Chromolaena odorata (C. odorota) is a rapidly growing perennial herb. Several parts of this herb have been used to treat wounds, burns, and skin infections. This research aims to analyze the phytochemical constituents and nutritional profile of C. odorota. Chromolaena odorata leaves were used for the phytochemical analysis, vitamin analysis, mineral analysis, and proximate analysis. The proximate composition of C. odorota revealed that the leaves contain protein, fiber, carbohydrate, ash, and moisture. The phytochemical analysis of C. odorota leaves showed that it includes steroids, saponins, alkaloids, flavonoids, phytates, cyanogenic glycosides, tannins, oxalate, anthocyanins, and phenols. The results obtained showed that plant phytochemicals present served a critical role in pharmacological advances.

Keywords:

C. odorota

;

alkaloids

;

saponins

;

phytates

;

vitamins

Subject:

Biology and Life Sciences - Biochemistry and Molecular Biology

Introduction

Chromolaena odorata (C. odorota) is one of the herbs that belongs to Asteraceae, the sunflower Family, and is also known as Eupatorium odoratum. It acts as a traditional medicinal plant. Several parts of this plant are widely used to treat wounds, burns, skin infections, as well as to possess anticancer, antidiabetic, anti-hepatotoxic, antiinflammatory, antimicrobial, and antioxidant properties (Sirinthipaporn and Jiraungkoorskul, 2017). This flowering shrub, native to North America, from Florida and Texas to Mexico and the Caribbean, has been introduced to Asia, West Africa and Australia. Siam weed is of common name for C. odorota, grown as a medicinal herb and an ornamental plant. In Indonesia, this plant is one of the important traditional medicines, crushing the young leaves and resulting liquid used to treat skin wounds (Cakraborty et al., 2011). C. odorota is also considered a serious weed in plantation crops in the world, such as palm oil plant, coconut, rubber, and citrus. It consists of high allelopathic compounds and suppresses neighbouring vegetation. This weed affects particularly small farms, production in agricultural sectors, and as well as natural ecosystems. C. odorota, one of the wound healing plants that has been investigated for its diverse health benefits (Sirinthipaporn and Jiraungkoorskul, 2017). C. odorota is found throughout the world, especially in the Pacific region, under different names: Siam weed, devil weed, French weed, hagonoy, co hoy, in Indonesia known as Ki Rinyuh and si koko (Vaisakh and Pandey, 2012). C. odorota is being used traditionally for its medicinal properties, especially for external uses as wounds, skin infections, and inflammation. In Indonesia, most people use this plant to cure stomach problems or dyspepsia, reduce cholesterol and hypertension, vertigo, and mainly for external uses as well.

Material and Methods

Preparation of the Plant Materials

The C. odorota leaves were collected at Science Village, Nnamdi Azikiwe University, Awka, Anambra State, Nigeria. It was identified at the Botany Department of Nnamdi Azikiwe University by a taxonomist named Mr Iroka Finian; the herbarium number is NAUH–73^D. The leaves of C. odorota were washed and dried at room temperature and ground into fine powder using a corona blender. The samples were sent to Docchy Laboratory and Research, Awka, Anambra State, Nigeria (fully licensed) for Phytochemical, Proximate, Vitamin, and Mineral content.

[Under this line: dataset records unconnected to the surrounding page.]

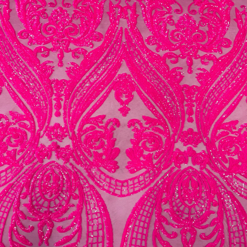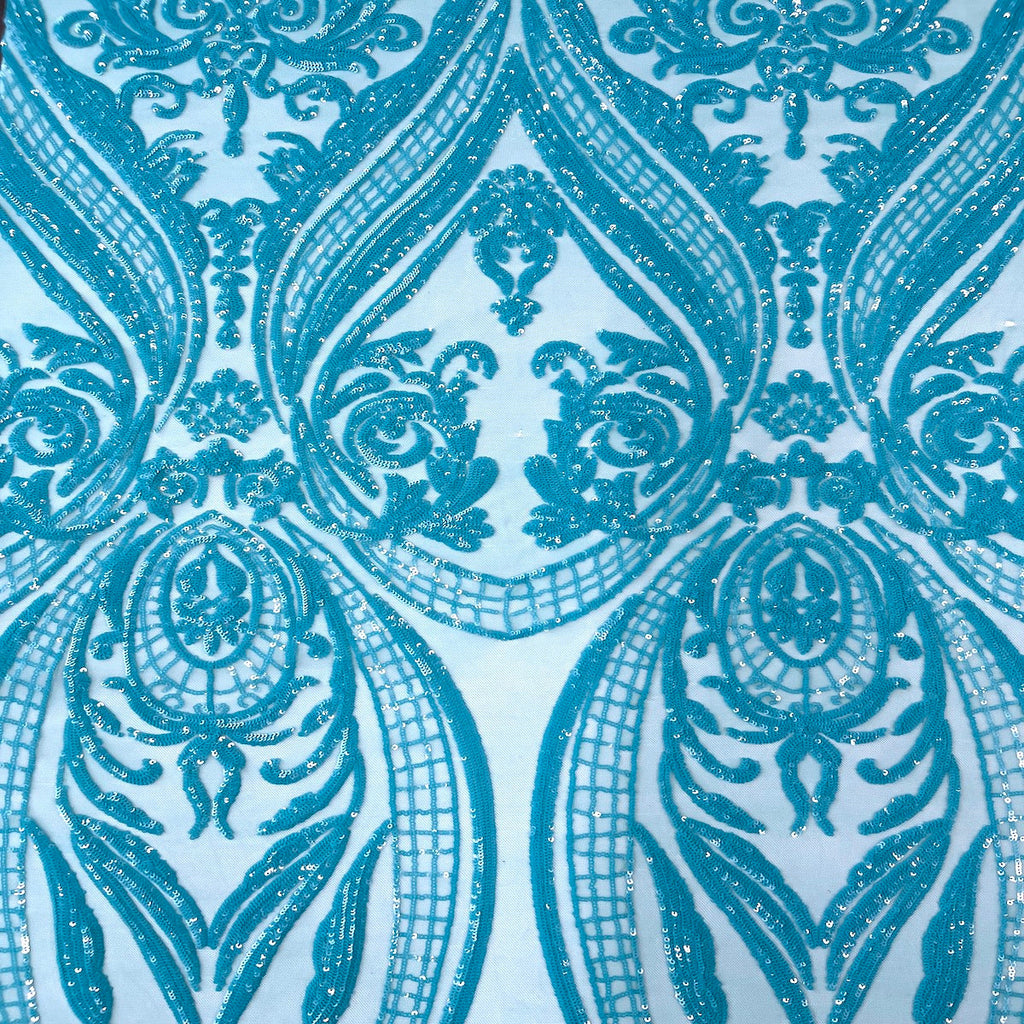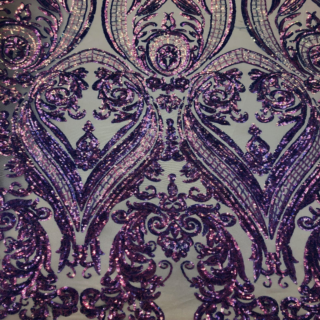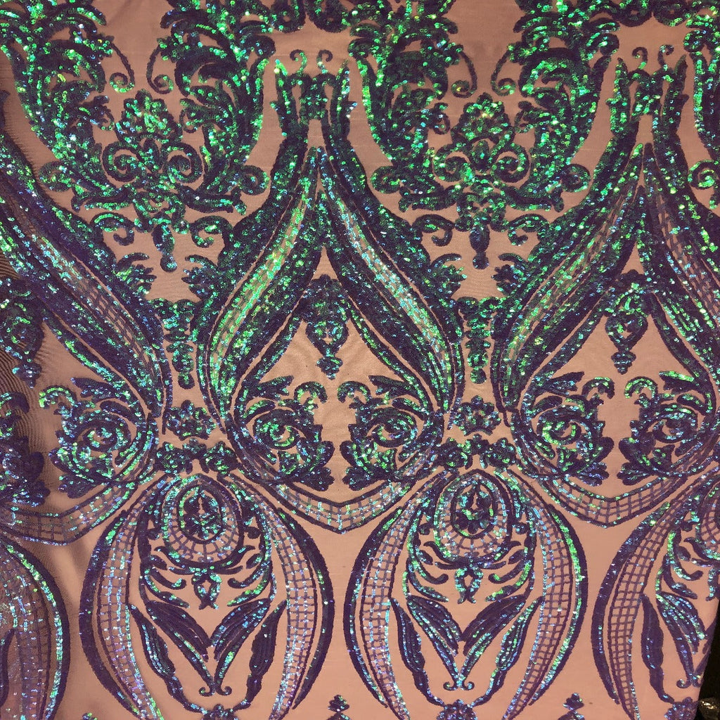 This beautiful and elegant Catina Sequins Lace Fabric is truly one of a kind. Each fabric is backed with a four-way stretch nylon mesh, showcasing a stunning sequin design throughout. Sold by the yard, if more than one yard is purchased, you will receive your fabric in a continuous piece; for example, ordering two yards will yield a piece measuring 60" x 72".
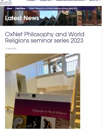 "Five outstanding students from Ashton Sixth Form College have received offers to study at The University of Oxford and The University of Cambridge.... Ashton Sixth Form College has been a host of The Goldsmiths’ Sutherland Centre for Philosophy and World Religions in partnership with Pembroke College, University of Oxford for over 10 years. The long-standing partnership provides incredible opportunities for students, including the Oxnet Access Programme."
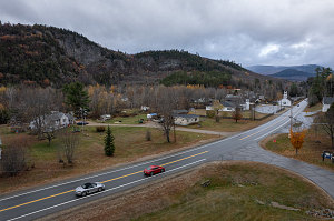 Now in New Hampshire, our objective was to head generally towards North Conway. We were transitioning into the White Mountains here, and the highways and roads are subject to the barriers that these higher peaks present. We turned back northeast for a few miles, soon turning onto NH-110, a route that winds across the northern White Mountains to the cirty of Berlin. Dampness and occasional rain continued.
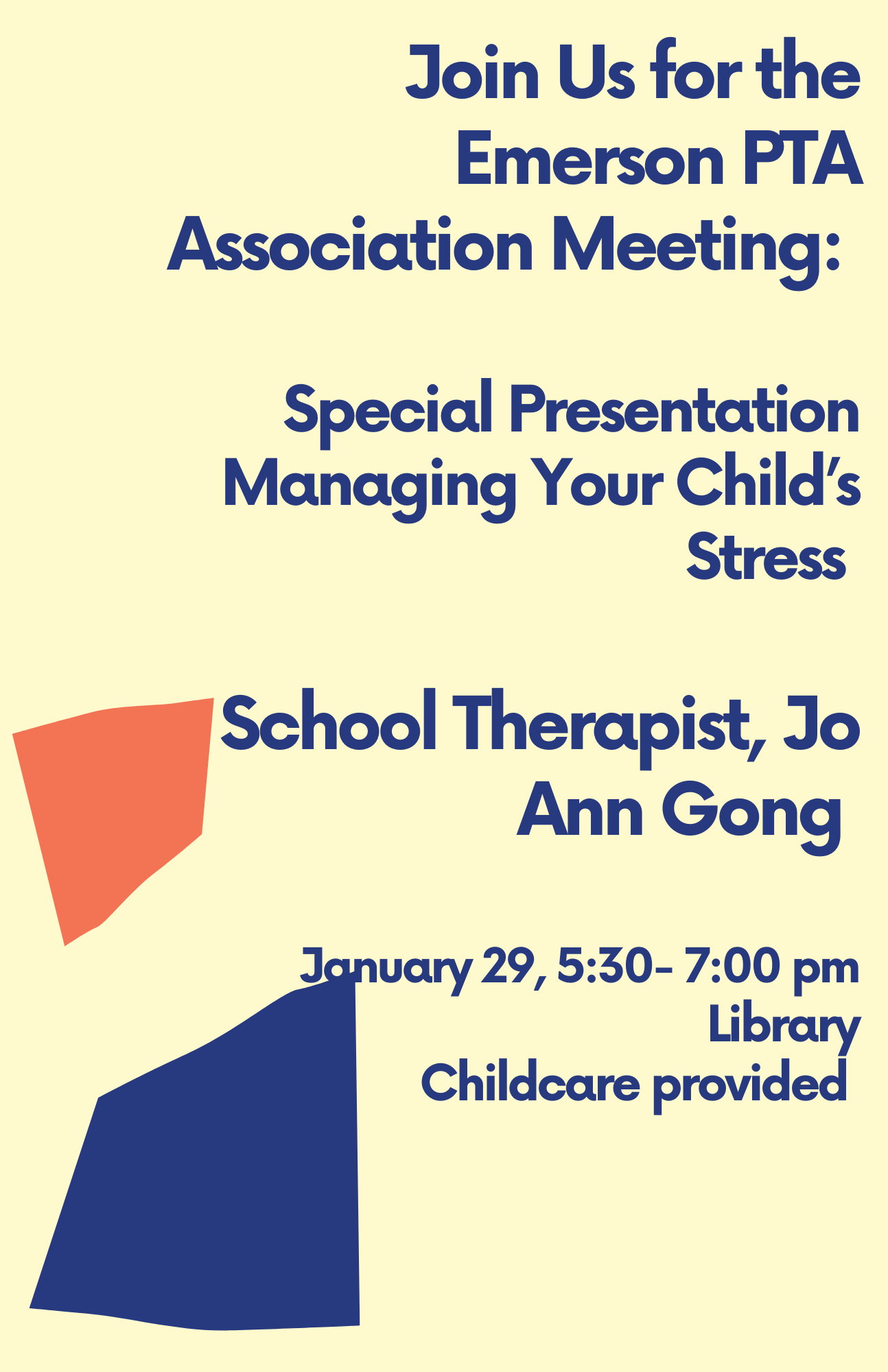 Thursday, January 29: PTA Association Meeting, 5:30 - 7:00 pm, Guest Speaker, Jo Ann Gong: “Managing Your Child’s Anxiety & Stress”, Emerson Library
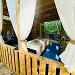 1のベッドル-ムと1のバスル-ムを提供するこのキャンプ場は,座席,衛星放送チャンネルの薄型テレビ とテレビが備わっています. 器具でいっぱいの台所と庭園景色を眺めることができます. 個別のトイレ とシャワ-が備わるヴィラです.
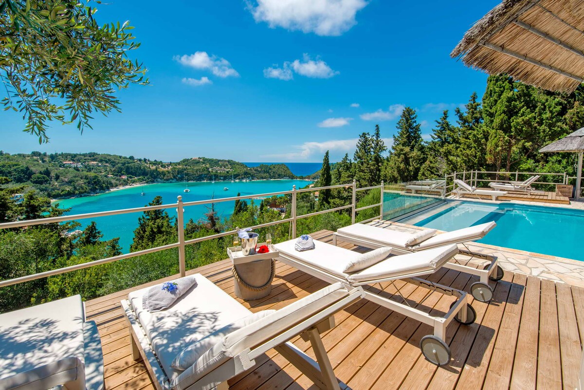 Villa Christina is a traditional villa with thick stone walls situated in an idyllic area, surrounded by olive groves and about 5 minutes away on foot from the quaint Lakka village or Harami and Kanoni beach.
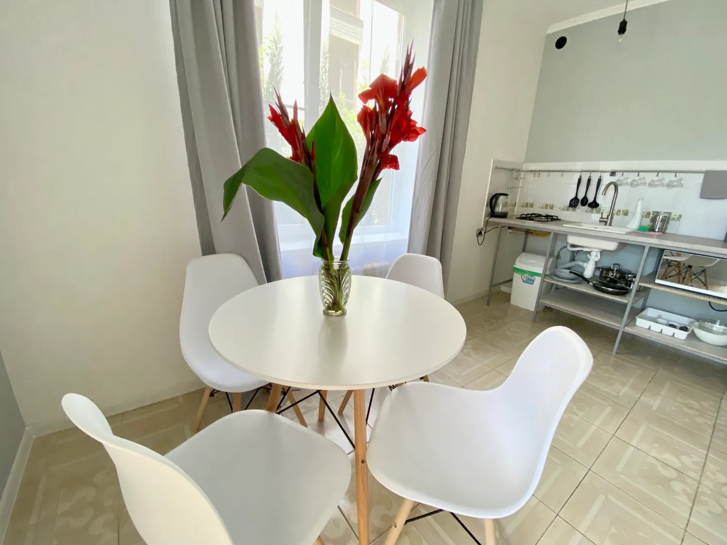 Просторные апартаменты в скандинавском минималистичном стиле для спокойного отдыха. Предусмотрено всё для удобства гостей. Большая кухня с обеденной зоной: есть вся посуда для приготовления пищи. Перед входом своя зона отдыха с садовой мебелью, наши гости отмечают будто жили в отдельном доме, а не в обычных апартаментах. Welcome набор, тапочки, полотенца, постельное белье из страйп сатина, косметические принадлежности, зонтик на случай дождливой погоды. В стоимость проживания входит уборка раз в три дня со сменой постельного белья и полотенец. Бассейн работает круглогодично, в марте температура воды в бассейне 17 градусов. Размещение с животными разрешено 500 руб./сутки. Апартамент рассчитан на 2 основных места, дополнительное размещение свыше 2х человек оплачивается отдельном.

Phytate contents: Phytate contents were determined using the method of Young and Greaves (1940) as adopted by LucasMarkakes (1975). 0.2g of each of the differently processed corns was weighed into different 250ml conical flasks. Each sample was soaked in 100ml of 2% concentrated HCL for 3hr, the sample was then filtered. 50ml of each filtrate was placed in a 250ml beaker, and 100ml of distilled water was added to each sample. 10ml of 0.3% ammonium thiocyanate solution was added as an indicator and titrated with standard iron (111) chloride solution, which contained 0.00195g of iron per 1ml.

Vitamin B₁₂: Spectrophotometric determination of cyanocobalamine in serum preparations by coupling reactions with pyridine

Vitamin C: Vitamin C was analysed by the spectrophotometric method described by Roe and Keuther (1943). The ascorbate is converted into dehydroascorbate on treatment with activated charcoal, which reacts with 2,4-dinitrophenyl hydrazine to form osazones. These osazones produce an orange coloured solution when dissolved in sulphuric acid, whose absorbance can be measured spectrophotometrically at 540nm.

Phenol determination: The quantity of phenol was determined using the spectrophotometer method. The plant sample was boiled with 50ml of (CH₃CH₂)₂0 for 15min. 5ml of the boiled sample is then pipette into a 50ml flask, and 10ml of distilled water is added. After the addition of distilled water, 2ml of NH₄OH solution and 5ml of concentrated CH₃(CH₂)₃CH₂OH are added to the mixture. The samples are made up to the mark and left for 30 minutes to react for color development and measured at 505nm wavelength using a spectrophotometer.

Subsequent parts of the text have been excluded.